Complessivamente il pubblico cinematografico ha stili di vita e abitudini di consumo elevate: abita in appartamenti medio-grandi (indice di concentrazione 111), ha più di un'auto in famiglia (i.c. 127), fa almeno due periodi di vacanza (i.c. 140), utilizza la carta di credito (i.c. 132); quanto ai beni tecnologici usa Internet (i.c. 167) e pay tv (i.c. 133), possiede personal computer (i.c. 146), lettore DVD (i.c. 144), televisore 16/9 (i.c. 144), macchina fotografica digitale (i.c. 163), consolle per videogiochi (i.c. 143), videocamera (i.c. 138).

Tutta questa tecnologia domestica non fa comunque concorrenza al "cinema" che continua ad esercitare un richiamo fortissimo; il pubblico vi riconosce infatti valori di emozionalità, percezione multisensoriale, protagonismo, evasione dalla quotidianità, virtualità, divertimento assolutamente unici.
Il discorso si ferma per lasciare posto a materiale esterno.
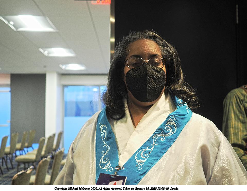 Picture #24: Jamila Thumb: 480x360, 48,779 bytes (48K) Small: 960x743, 123,892 bytes (121K), (html file) Large: 4800x3600, 9,214,581 bytes (8.8M), (html file) Copyright, Michael Meissner 2026, All rights reserved OM OM3 camera with OM 17mm-II f/1.8 lens f/1.8, ISO 250, 1/60 sec, 17.0mm, auto mode, vivid color, matrix metering, IS Auto, face detection, anti-shock 35mm equivalent focal length 34.0mm Programs used: crop, gimp, raw therapee Taken by Michael Meissner on January 18, 2026 16:06:40 Last modified on January 25, 2026 at 03:20 |

Nell'orbita di questi valori è attratta anche la pubblicità, che infatti sul grande schermo è guardata con piacere ed attenzione e si ricorda di più rispetto a tutti gli altri mezzi: la sua percentuale di ricordo attinente, infatti è del 27%. Se poi la campagna è pianificata su cinema e tv, il ricordo attinente sale addirittura al 29%, il riconoscimento al 63%, il gradimento al 72%, lo stimolo all'acquisto al 45%.

Se dunque la pubblicità al cinema funziona, se il suo pubblico è così irrinunciabile, allora la scelta del circuito diventa fondamentale. Il circuito Sipra, come ha ricordato Mario Bianchi, amministratore delegato della concessionaria, è il più importante del Paese per numero di schermi, capillarità sul territorio, concentrazione nei grandi centri urbani (52% nei capoluoghi di regione, 31% nei capoluoghi di provincia). Questi fattori, uniti alla prevalenza di multisala e multiplex, che coprono ben l'80% dell'offerta Sipra, fanno sì che il numero di spettatori raggiungibili sia in assoluto il più elevato.

Come rileva la ricerca Ipsos, anche sotto il profilo qualitativo il pubblico delle sale Sipra si innalza sopra la media già alta del pubblico cinematografico: +4% di laureati o diplomati, + 5% di donne, +10% di residenti nelle grandi città, + 5% di concentrazione al Nord e al Centro +13%. Anche le abitudini di consumo e gli stili di vita sono superiori alla media e così pure l'orientamento verso la pubblicità, che il pubblico Sipra giudica convincente (i.c. 108), stimolante (i.c. 114), divertente (i.c. 107), propulsiva all'acquisto (i.c. 125).

E' un pubblico che nella scelta della sala è orientato ad un modello di comfort evoluto che ritrova nell'offerta Sipra, che giudica belle, confortevoli, funzionali, ubicate in posizione centrale o comunque strategica, e ben organizzate. Se poi si analizza il pubblico dei multiplex Sipra, si scopre che rispetto a quello degli altri multiplex è più motivato, assiduo, fedele.

A tutte queste buone ragioni per investire sul circuito Sipra, Mario Bianchi ha poi aggiunto una nuova iniziativa sugli spettatori per attrarre attenzione verso la pubblicità in sala, che partirà con il nuovo anno.

La ricerca, in quattro fasi, è stata effettuata utilizzando 4 metodologie: 

  • un campione di 4.022 individui, per indagare il profilo del pubblico, strumento interviste personali, universo di riferimento 49.540.000 adulti di 15 anni e più;
  • un campione di 789 individui di 18 anni e più, scelti tra le sale multiplex più rappresentative, con interviste face-to-face per indagare a fruizione dei multiplex; 
  • un campione composto al 50% da uomini e al 50% da donne, tramite discussioni di gruppo per indagare la percezione dell'offerta cinematografica;
  • un campione di 2374 individui, intervistati per indagare la pubblicità al cinema.